Practical Implications and Scope

This study by its very nature has further extended the existing body of contributes to adding new directions in social media research. It unveils a methodology to measure social media activities or interactions on social media content taking into account the forward interactions and backward interactions. Moreover, this study provides a base for formulating social media strategy for startups. It is recommended for the startups to have two social media accounts, preferably at Facebook and Instagram, instead of having presence in one and more than two social media platforms. In order to engage the online audience, startups should post video content in their social media platforms that has the potential to generate much more interaction rather than posting image or text content.

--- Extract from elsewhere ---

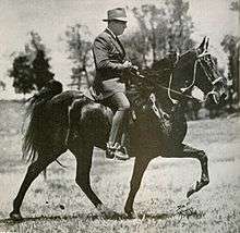 The first horse to be named World Grand Champion was Strolling Jim in 1939. Strolling Jim was a former plow horse retrained for show by Floyd Carothers and Henry Davis, and was only three years old at the time of his win.[7] Although Strolling Jim was a gelding,[7] many World Grand Champions were stallions who became notable sires. Midnight Sun, winner in 1945 and 1946, sired over 2,600 foals,[8] of which five became World Grand Champions. Midnight Sun was ridden and trained by Fred Walker, and owned by Harlinsdale Farm.[9][10][11][12] The World Grand Champion in 1947 and 1948, Merry Go Boy, was known for producing the most desirable Tennessee Walker conformation type in his offspring.[13] The stake is traditionally a stallions' class, and has not been won by a mare or gelding since 1954,[14] when the gray mare Garnier's White Star, owned by W.V. Garnier and ridden by Percy Moss, was crowned as the World Grand Champion. Incidentally, 23-year-old Moss was also the youngest rider to win the stake.[15] The first female rider to win the World Grand Championship was Betty Sain on Shaker's Shocker in 1966.[16] Sain had previously competed in the four-year-old age division and was expected to win the World Championship in that division, but she bypassed the class in favor of the World Grand Championship.[17] The oldest rider to win was 81-year-old Bud Dunn on RPM in 1999. Dunn had previously been the oldest winning rider in 1992, at the age of 74.[18] Although there have been six horses who won the stake two years consecutively, there have been only two three-time winners in the history of the Celebration: The Talk of the Town in 1951, 1952 and 1953, and I Am Jose in 2013, 2014, and 2015. I Am Jose was also notable for being the first four-year-old winner since 1966.[19]

This study is confined to the startups those are incubated in BIs of the state of Assam in the north-eastern part of India; hence, there will always be a scope for further study by delimiting the geographical scope. The SMI value could be calculated for other startups using stated equations that would certainly enhance the generalizability, validity and reliability of the measurement technique. Moreover, the true picture of social media use is always the outcome of the use. In this sense, a study may be undertaken to relate SMI value with other financial measures or return on investment of using social media. And lastly, there is a scope for extension of time duration. Taking more than 91 days would definitely add more credibility to a similar study.

Conclusion

There is increasing momentum in the use of social media on business operations. There are evidences that the business organizations are doing well in the market by adopting social media. The social media strategy is now an essential part of overall corporate strategy. From multinational corporations to small businesses, the use of social media and its benefits are well drafted. However, the literature relating to social media use by the incubated startups have not drawn much interest of the scholars. Therefore, this study has tried to fill this particular gap in the literature by exploring the use of social media by the startups incubated in the four BIs of Assam. Analyzing a total of 2795 posts on four social media platforms – Facebook, Instagram, Twitter and LinkedIn from 65 incubated startups has helped to reveal some interesting insights. The startups like to connect with their online community through Facebook and mostly through image posts. However, content accompanied with video proved to have high interactions or engagement. Therefore, it is safe to infer that, to generate high engagement on the UGC, the startups should emphasize on the type of media used while generating UGC. Our analysis suggests that video content generates more engagement than image or text irrespective of what the type of post is, no matter what is the focus area (or business) the startup is and which social media platform is used to post the content. A quantitative value is assigned to the interactions on the contents on social media as Social Media Interaction (SMI) value. SMI value, which is the combination of the two facets – Forward Interaction and Backward Interaction, may be used to in devising social media strategy. This study breaks the notion of using many social media platforms to get high reach. It is suggested that for startups, having two social media platforms, preferably Facebook and Instagram is sufficient as it generated the highest SMI value. The study also cautions the startups to not be present on all the four social media platforms as it resulted in low SMI value.


Author Note

We have no conflicts of interest to disclose. We have not received funds or financial assistances from any source for this work.